13 Responses to “informal talk about forms: the pantoum”

  1. 1 jillypoet

    I am thrilled that this is your topic! I have run across quite a few pantoums lately. Seems it is becoming a fresh, “new” form for fresh new poets. Most times I knew it was a form, but didn’t know the name. Then, just last night (talk about synchronicity) I read “Pantoum for a Roane County Childbirth, 1942,” by Leilani Hall (from Swimming the Witch, 9 to 5 Poet’s Poetry Book Club Pick this month). I read it at least three times. It is such a powerful poem, and the repetition is indeed one aspect that gives it its power.

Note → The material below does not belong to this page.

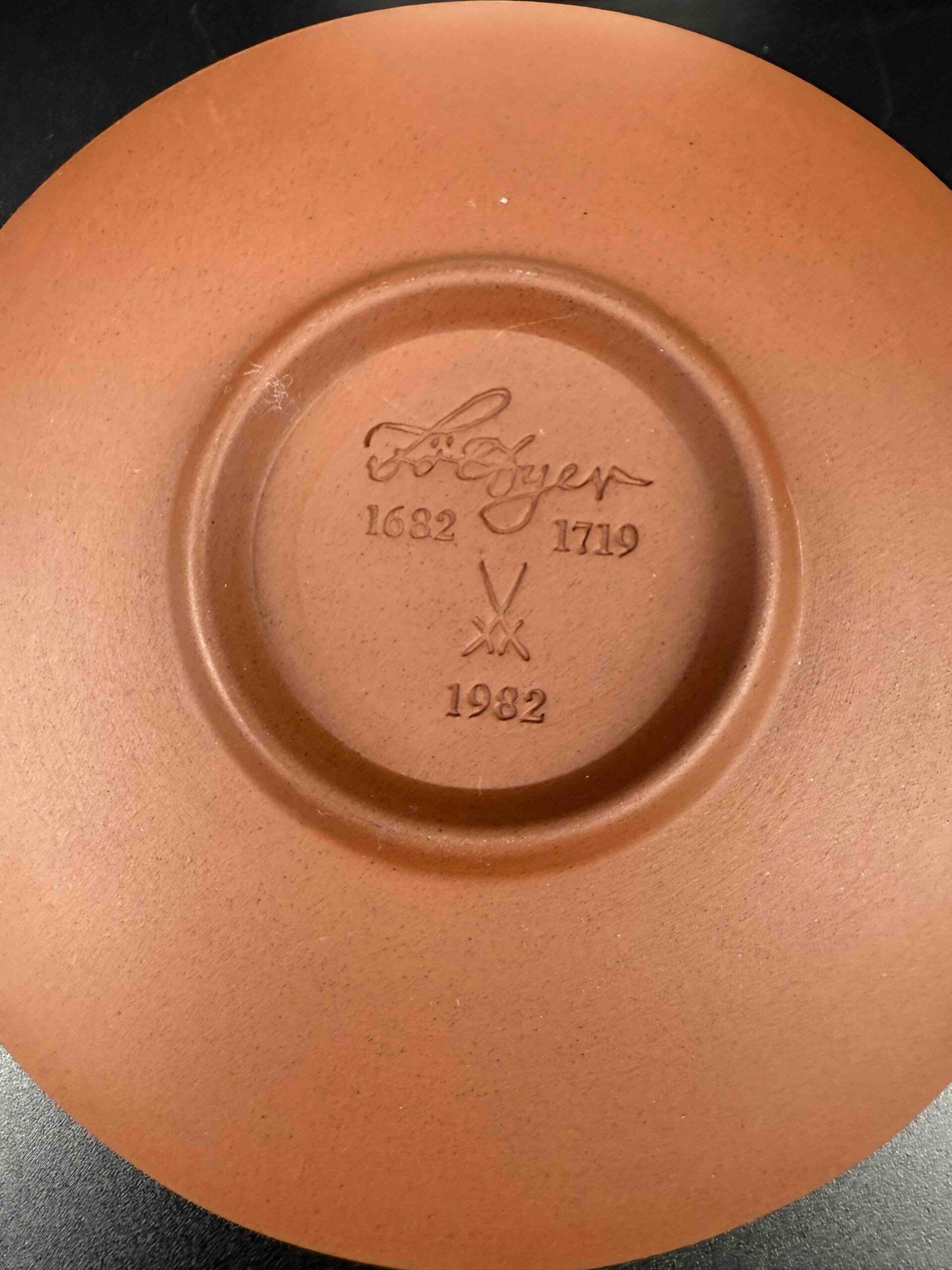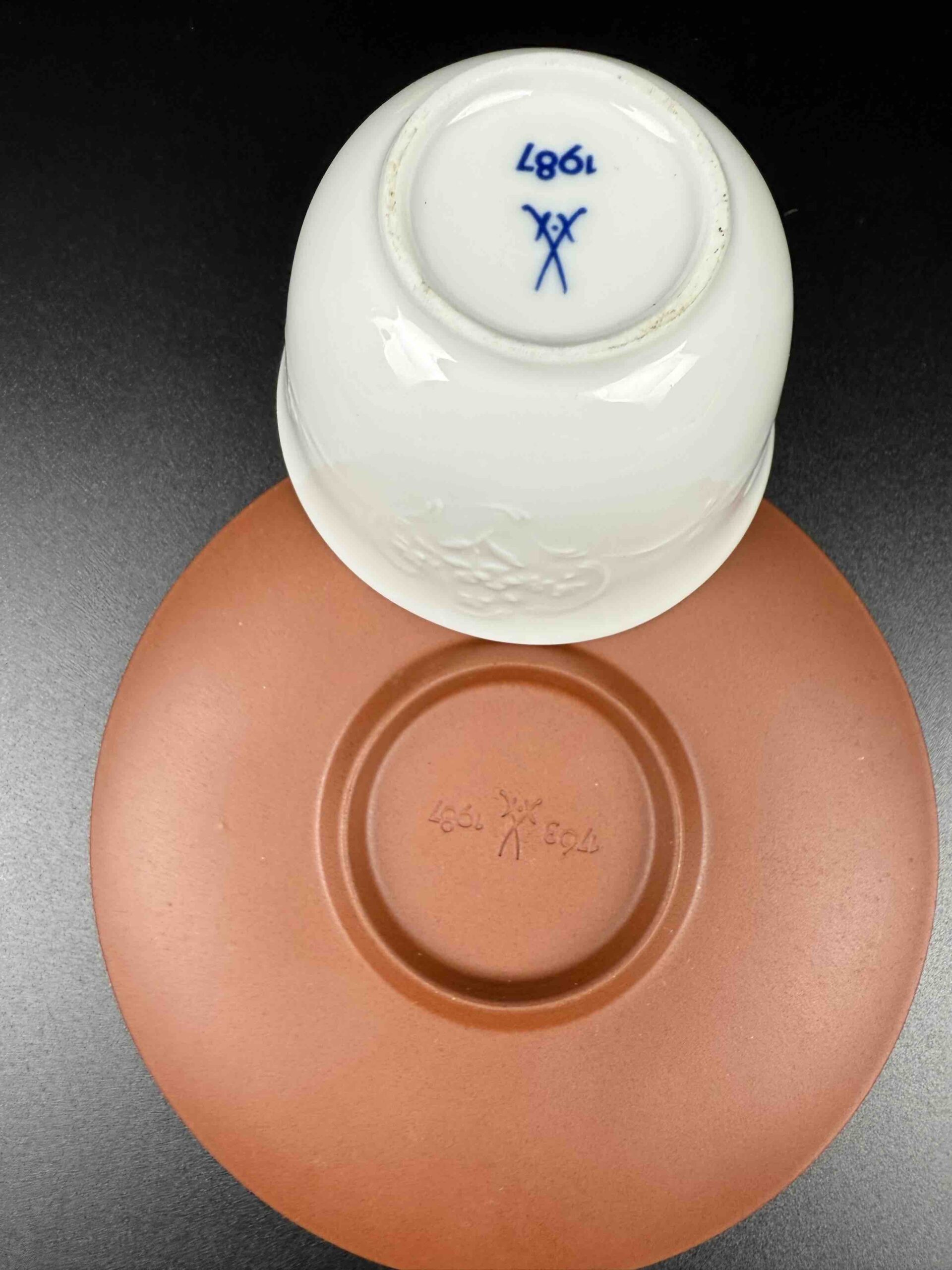 Porcelana sygnowana skrzyżowanymi mieczami, co potwierdza autentyczne pochodzenie z manufaktury w Miśni.

    Thanks so much for the discussion. I’m psyched to try one!

  2. 2 The Phantom

    I’ll let you decide if this was ingenious or just plain lazy but I decided to complete three of this week’s assignements in one poem. So here for your consideration are the Poefusion Friday 5 and 3WW in the ReadWritePoem requested Pantoum form.

    I very much enjoyed this form because it did help me pace the development of the sentiment expressed. Without the constraints, the revelation would probably have come too fast.

    On Being Perfect

  3. 3 Read Write Poem

    Hi Phantom, this is not quite the post you link your poem to. Come back Sunday after midnight (CST) and look for “get your poem on”; you have few readers who see your link here.

    Also, any more that one link in your comment sends you into the spam filter and it might take a while before anyone notices it.

  4. 4 pepektheassassin

    I absolutely lovelovelove the Cecilia Woloch phantom! Great article this!

  5. 5 pepektheassassin

    I mean, pantoum, Phantom! Silly me.

  6. 6 Christine

    Tom, thanks for this post. I just read Bareback Pantoum and loved it! To me is has a galloping, thundering wild tone that makes me remember what it was like to be young! I can’t wait to try this form.

  7. 7 gautami tripathy
  8. 8 Noah
  9. 9 Read Write Poem

    Not yet, folks. Come back after midnight (Sunday in the states) and look for get your poem on.

    (Love the urge to poem, though.)

  10. 10 Noah

    Oh, I thought this was just showing the form. I didn’t realize it was a prompt…

    Anyway, I heard the one I wrote was amazing from the mouth I care about, so that’s what matters to me.

  11. 11 Lirone

    I’ve just attempted my first pantoum in response to this post…

    A wanderer returns

    though I think I should have read the description a bit more carefully as I’ve done it backwards - lines 1&3 becoming 2&4… oops!